We should not forget the setup of the ancient story: Narcissus gets into this situation because his mother, Liriope, requested that her child be granted long life. The granting of her request came with a price: Narcissus could live a long life, but only “if he shall himself not know.” The myth exposes a critical paradox: we must have a certain level of self-awareness and self-regard in order to know and to be ourselves, and yet we cannot know ourselves by merely looking at our own faces and hearing the sounds of our own voices. As Blackburn puts it, “Our sense of self is intimately tied to our sense of place in the eyes of others, or, in other words, in the moral or social world.” The myth of Narcissus thus not only teaches that inordinate self-focus distorts our capacity to love and be loved; it illustrates the sociality of healthy self-esteem: if we are unable to participate in social engagements—to see ourselves among others and to know how they see us—we lose the capacity to know ourselves truly.
Unfortunately, Blackburn’s discussion of theological and religious treatments of self-regard is less developed. After offering brief caricatures of Augustine and “religion” early in the book, Blackburn eventually returns to a more appreciative analysis of Christianity’s high placement of pride in the list of problems to which humans are susceptible.
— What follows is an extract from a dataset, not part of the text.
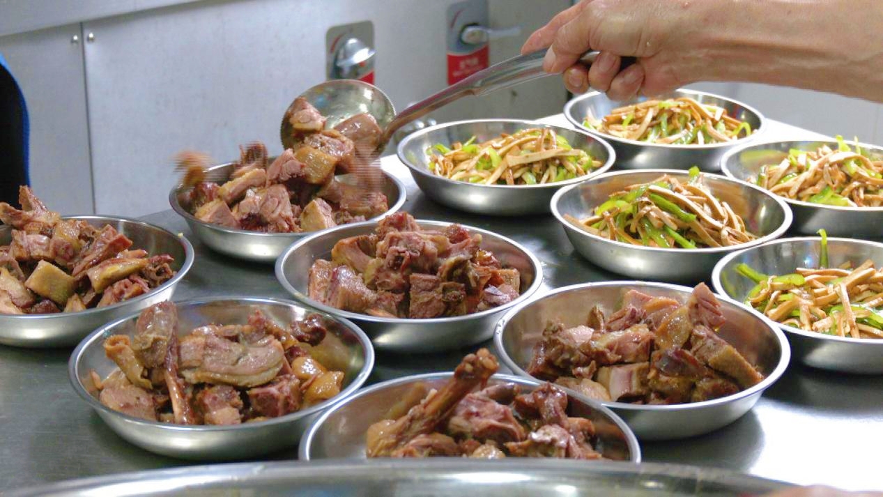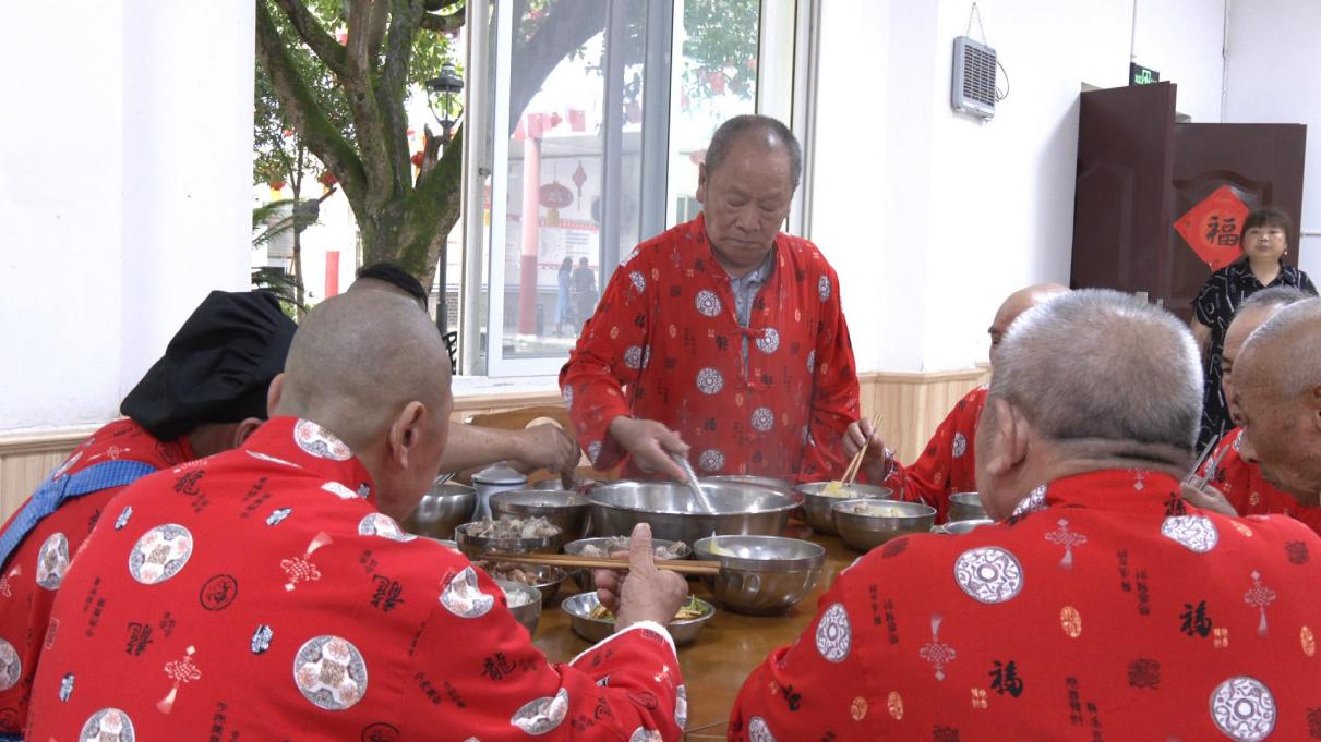 开饭咯......伴随着一声吆喝,中午11点半,工作人员将热腾腾的菜摆上桌子后,老人们便开始享受可口的食物。“排骨炖冬瓜”“香酥鸭”“炒豆腐干”……荤素搭配、营养均衡,这些菜单都是院里按照老人需求制定的,西眉镇中心敬老院集中供养对象吴友经说:“早上有包子、馒头、稀饭,中午有两菜一汤,炖排骨、烧牛肉、滑肉汤这些都吃得到,晚上还有水饺、面条,饮食上我们都很满意。”

Drawing on Milton’s story of humanity’s fall, he names pride as an “overarching template of wrongdoing” that becomes the “activator and catalyst” for other sins, such as greed, envy, and arrogance.
Blackburn is clearly unaware of the feminist discussion that began with Valerie Saiving’s pivotal 1960 essay concerning the theological categories of pride, self-love, and self-abnegation as gendered phenomena. Despite this, he occasionally travels alongside feminists—for example, when he recognizes that the moral valuation given to pride is situation-dependent. He distinguishes between vanity and the “proper” pride one feels when one deserves the admiration of others. Proper pride, he notes, is something like self-respect, and it can serve a positive role that vanity rarely if ever achieves.
Might disordered self-love relate to growing economic inequality? Wealthy CEOs “forget to wonder how they appear to others,” Blackburn writes, and they come to believe that because they have wealth, “they must be worth it.” He names compassion as the key to overcoming corporate greed, because compassion involves “imaginative displacement into the state of another”—a solution that will be appreciated by congregations concerned with the Gospels’ focus on wealth and poverty. Blackburn contends that the excesses of the “greed is good” business culture speaks not of an essentially greedy human nature, but of a cultural construction of human lives that replaces a good and proper self-regard with one that is clearly out of order.
Adults of my parents’ generation taught their children not to toot their own horns. It was a behavioral norm that guarded against excesses of self-admiration. Although this can result in inappropriate self-abnegation, particularly for members of marginalized groups, there is a useful balance in the old-fashioned idea that people ought not to seek acclaim for themselves, whether in matters of breakfast menus or beauty.